---------- TASK MATERIAL ----------

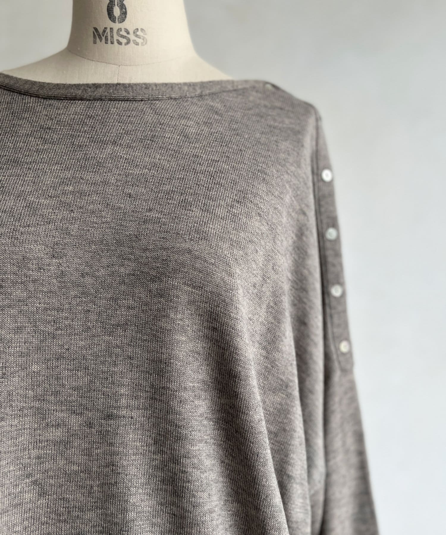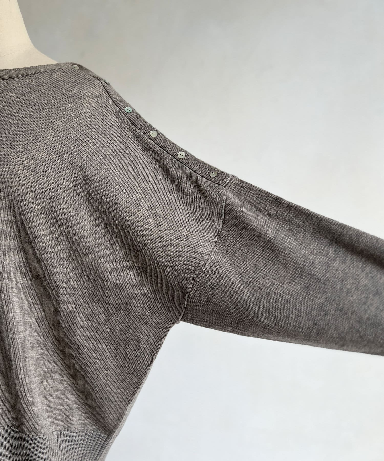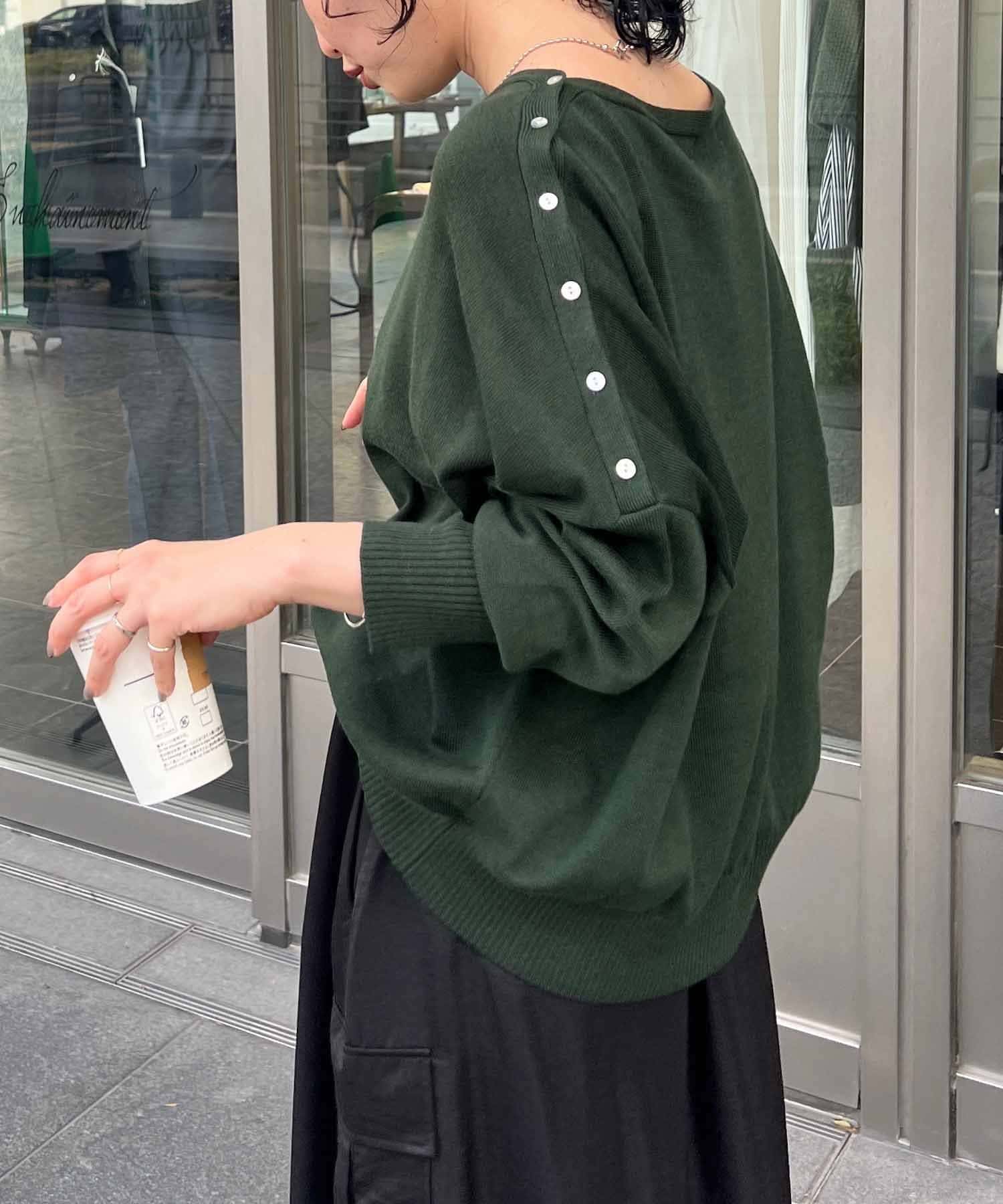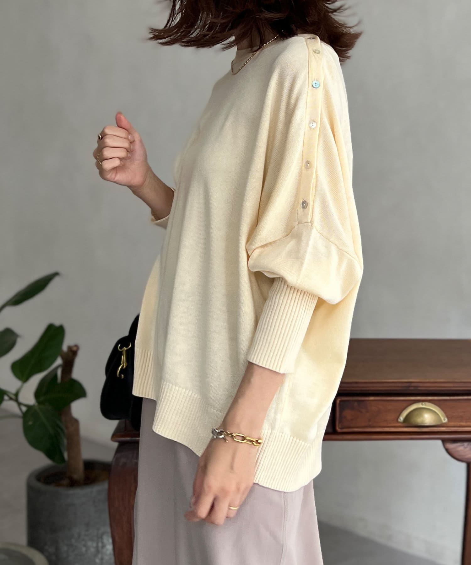 左肩にさり気なく並んだシェルボタンがポイント。上品な印象で合わせていただけます。
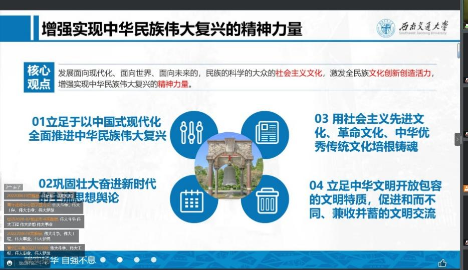 最后,冷书恒从四个方面介绍了如何增强实现中华民族伟大复兴的精神力量,希望同学们努力学习科学文化知识,不断增强自身精神力量,努力践行党的二十大精神,为实现中华民族伟大复兴的中国梦贡献我们这一代人的智慧和力量,创造属于我们这一代人的业绩和荣光。
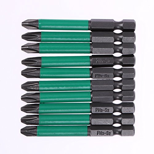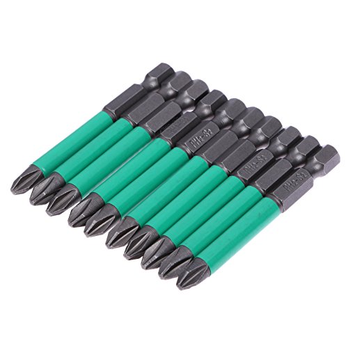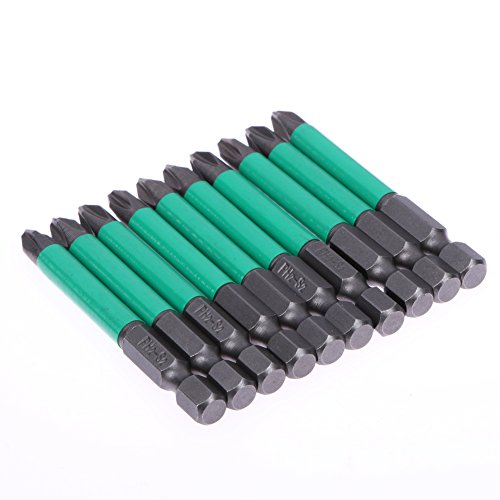 10ピース非アンチスリップ電動ドライバービット1/4六角シャンク65ミリメートル片面ドライバー磁気フィリップスヘッドネジドライバビット
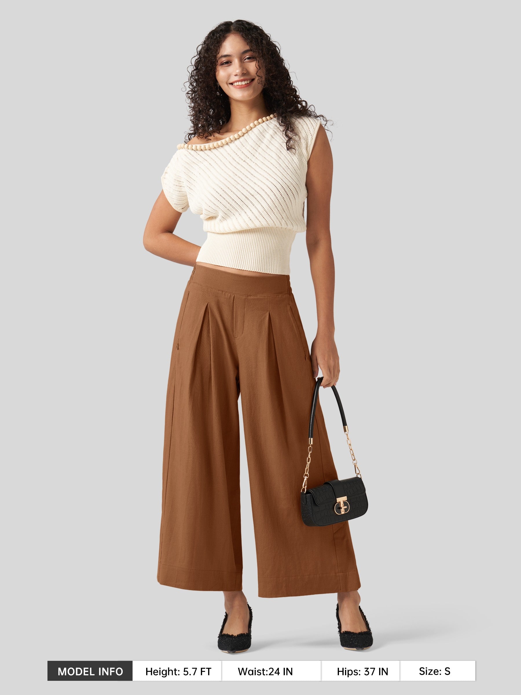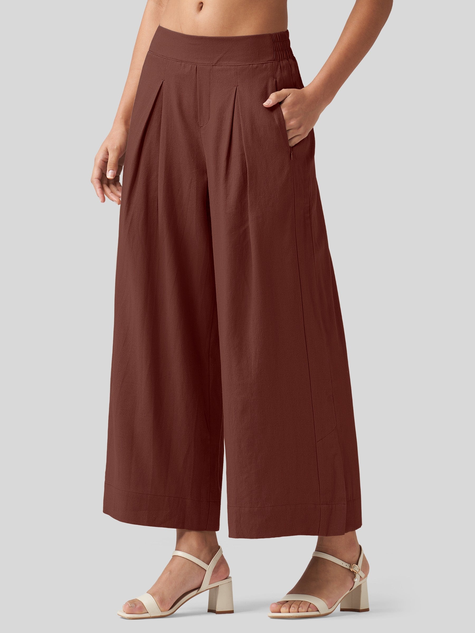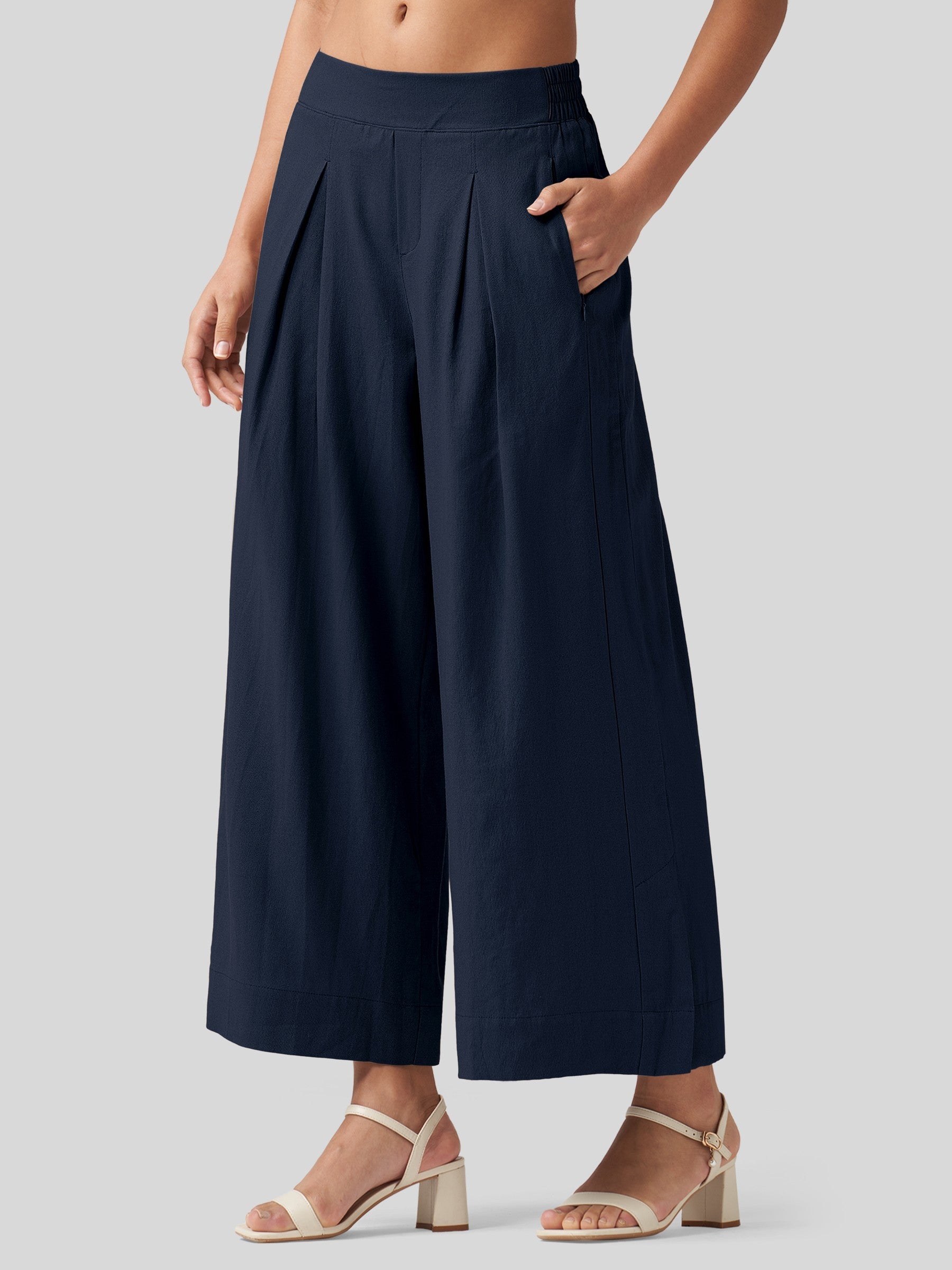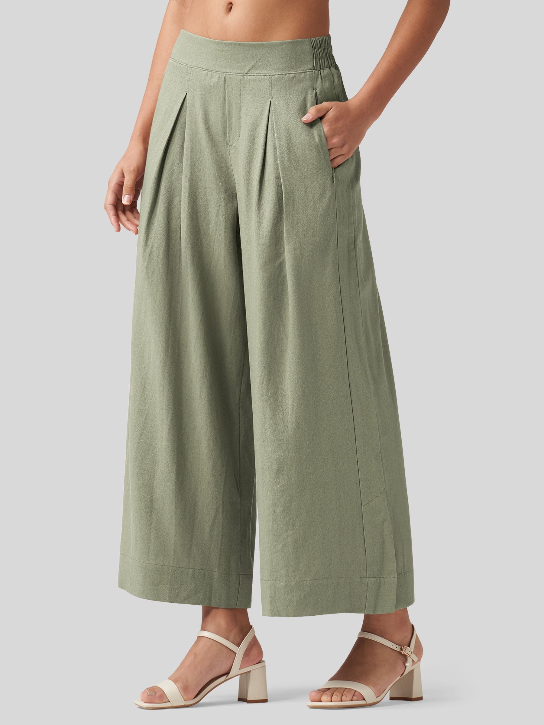 - Designed with a mid-waisted fit and elastic back waist, it features front pleats that add a touch of modern flair. The roomy, wide-leg cut flatters every body type, beautifully sculpting your curves
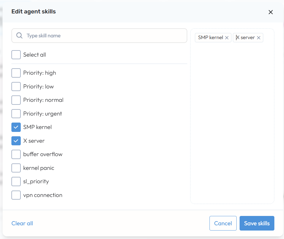 • View and edit an agent’s skills directly from their profile.
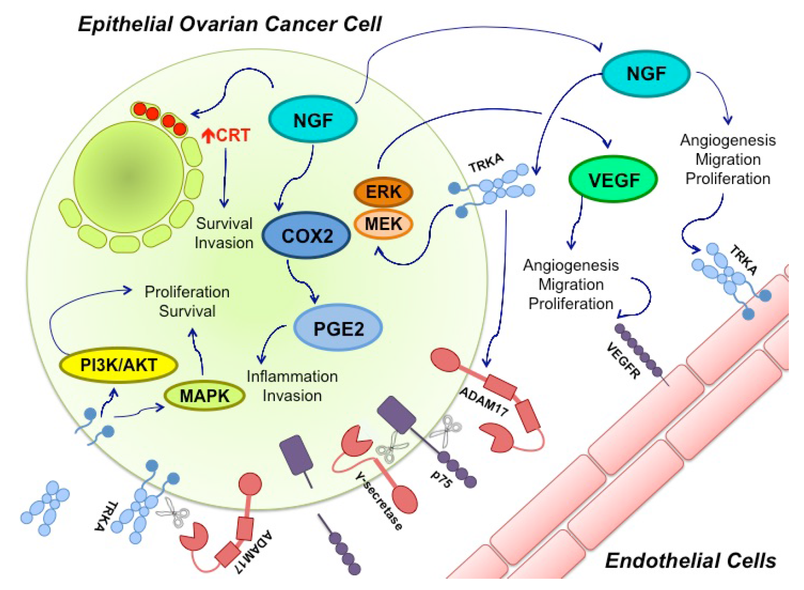 Nerve growth factor (NGF) and its Tyrosine Kinase A receptor (TRKA) are involved in several signaling pathways in epithelial ovarian cancer (EOC). Ovarian cancer cells express and secrete NGF. Through TRKA activation, NGF induces angiogenesis by directly stimulating endothelial cell proliferation and migration. NGF also regulates angiogenesis in an indirect manner through vascular endothelial growth factor (VEGF) production by epithelial cancer cells. This mechanism involves TRKA activation and the Mitogen-activated protein kinase/Extracellular signal-regulated kinase (MEK/ERK) signaling pathway. Besides, NGF increases ciclooxigenase-2 (COX-2) levels, a proinflamatory molecule that induces protaglandine-2 (PGE-2) production; COX-2 and PGE-2 have been associated with invasion in cancer cells. NGF can also increase calreticulin (CRT) levels (Red Arrow), an endoplasmic reticulum resident whose levels have been found to be elevated in several cancers, where it participates in cell survival and invasion. Disintegrin and metalloproteinase domain-containing protein 17 (ADAM17), a proteinase, also seems to be regulated by NGF-TRKA activation. ADAM17 cleaves the p75 receptor, which is then cleaved a second time by γ-secretase. The biological effects of these cuts remain unknown. ADAM 17 can also cleave TRKA, leaving its intracellular domain active, which contributes to cancer progression through the MAPKs and PI3K/Akt pathways.

----------

■ **YOUR INSTRUCTIONS**
The lines to copy exactly start with the line above that has "最后,冷书恒从四个方面介绍了" and go on through the line that has "10ピース非アンチスリップ電"; please include both, add nothing else, and omit the pictures.

■ **EXERCISE RESPONSE**
 最后,冷书恒从四个方面介绍了如何增强实现中华民族伟大复兴的精神力量,希望同学们努力学习科学文化知识,不断增强自身精神力量,努力践行党的二十大精神,为实现中华民族伟大复兴的中国梦贡献我们这一代人的智慧和力量,创造属于我们这一代人的业绩和荣光。
 10ピース非アンチスリップ電動ドライバービット1/4六角シャンク65ミリメートル片面ドライバー磁気フィリップスヘッドネジドライバビット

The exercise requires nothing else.